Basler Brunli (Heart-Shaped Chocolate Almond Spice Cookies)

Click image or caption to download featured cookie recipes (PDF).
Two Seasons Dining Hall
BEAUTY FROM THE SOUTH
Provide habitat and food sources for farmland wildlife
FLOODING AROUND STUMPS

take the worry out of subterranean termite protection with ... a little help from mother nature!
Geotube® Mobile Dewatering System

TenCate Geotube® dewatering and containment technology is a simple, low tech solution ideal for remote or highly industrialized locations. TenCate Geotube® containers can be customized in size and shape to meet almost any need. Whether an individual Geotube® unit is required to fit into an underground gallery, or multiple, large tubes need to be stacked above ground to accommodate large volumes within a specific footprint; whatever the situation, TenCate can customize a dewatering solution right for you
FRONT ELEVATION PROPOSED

::::::

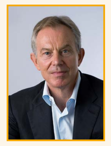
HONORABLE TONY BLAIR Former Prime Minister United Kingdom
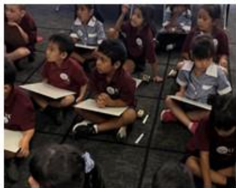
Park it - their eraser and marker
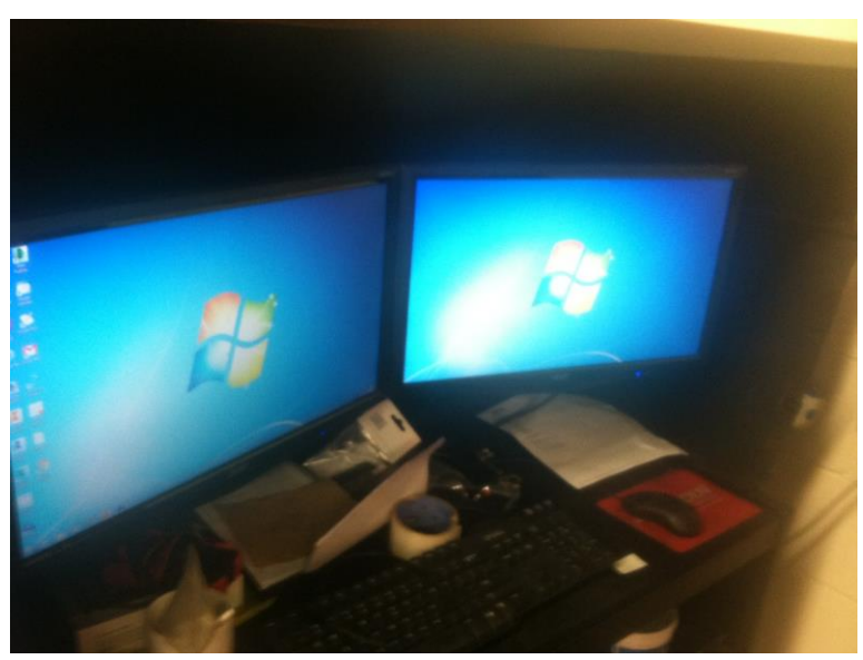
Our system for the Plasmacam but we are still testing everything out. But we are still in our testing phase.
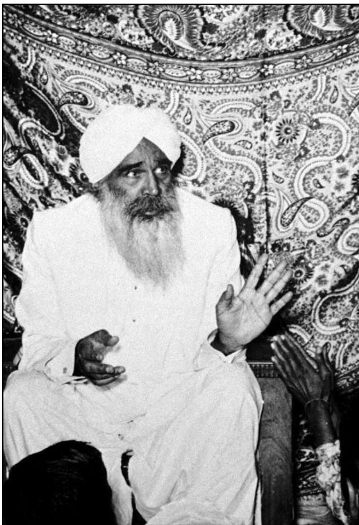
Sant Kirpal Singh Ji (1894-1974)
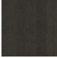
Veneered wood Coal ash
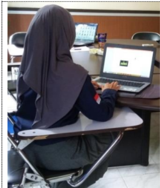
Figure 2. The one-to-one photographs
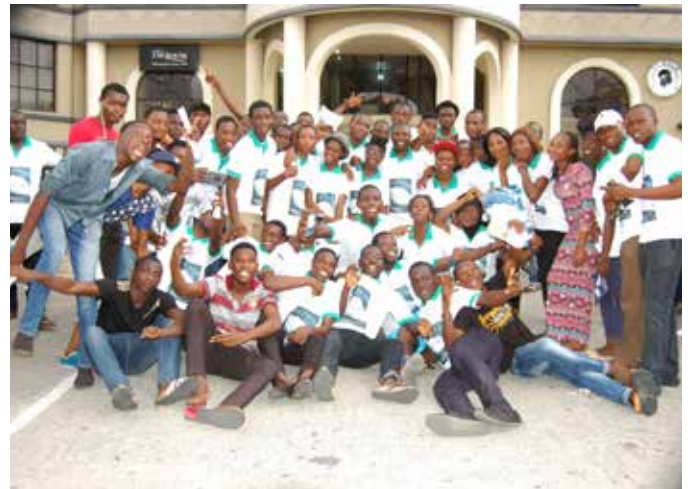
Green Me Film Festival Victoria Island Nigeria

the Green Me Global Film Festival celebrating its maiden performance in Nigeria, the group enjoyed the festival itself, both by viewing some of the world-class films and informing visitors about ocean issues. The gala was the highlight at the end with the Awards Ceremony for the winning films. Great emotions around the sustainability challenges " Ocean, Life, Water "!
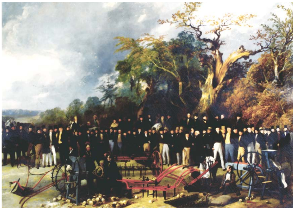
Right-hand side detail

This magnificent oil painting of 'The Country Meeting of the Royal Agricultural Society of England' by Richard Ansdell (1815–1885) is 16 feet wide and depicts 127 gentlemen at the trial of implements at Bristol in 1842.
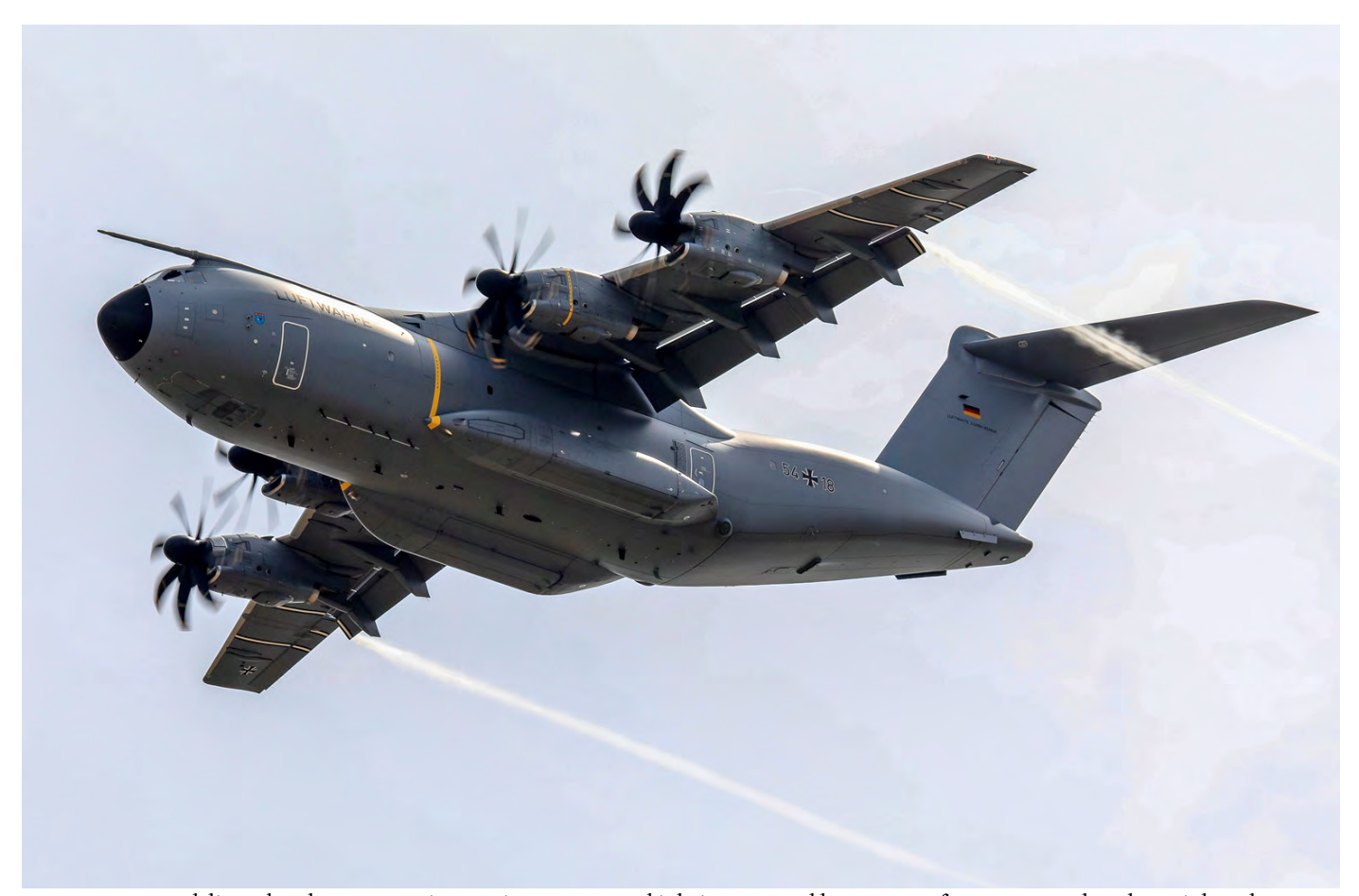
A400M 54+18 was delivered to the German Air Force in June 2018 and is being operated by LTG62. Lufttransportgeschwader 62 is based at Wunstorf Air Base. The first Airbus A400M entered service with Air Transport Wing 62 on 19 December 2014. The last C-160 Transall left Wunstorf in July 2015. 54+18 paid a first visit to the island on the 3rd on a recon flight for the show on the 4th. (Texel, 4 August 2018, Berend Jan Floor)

::::::

Description of the task:
Return only the lines between the one holding "Two Seasons Dining Hall" and the one holding "FRONT ELEVATION PROPOSED", inclusive, exactly as they appear above.

Your response:
Two Seasons Dining Hall
BEAUTY FROM THE SOUTH
Provide habitat and food sources for farmland wildlife
FLOODING AROUND STUMPS

take the worry out of subterranean termite protection with ... a little help from mother nature!
Geotube® Mobile Dewatering System

TenCate Geotube® dewatering and containment technology is a simple, low tech solution ideal for remote or highly industrialized locations. TenCate Geotube® containers can be customized in size and shape to meet almost any need. Whether an individual Geotube® unit is required to fit into an underground gallery, or multiple, large tubes need to be stacked above ground to accommodate large volumes within a specific footprint; whatever the situation, TenCate can customize a dewatering solution right for you
FRONT ELEVATION PROPOSED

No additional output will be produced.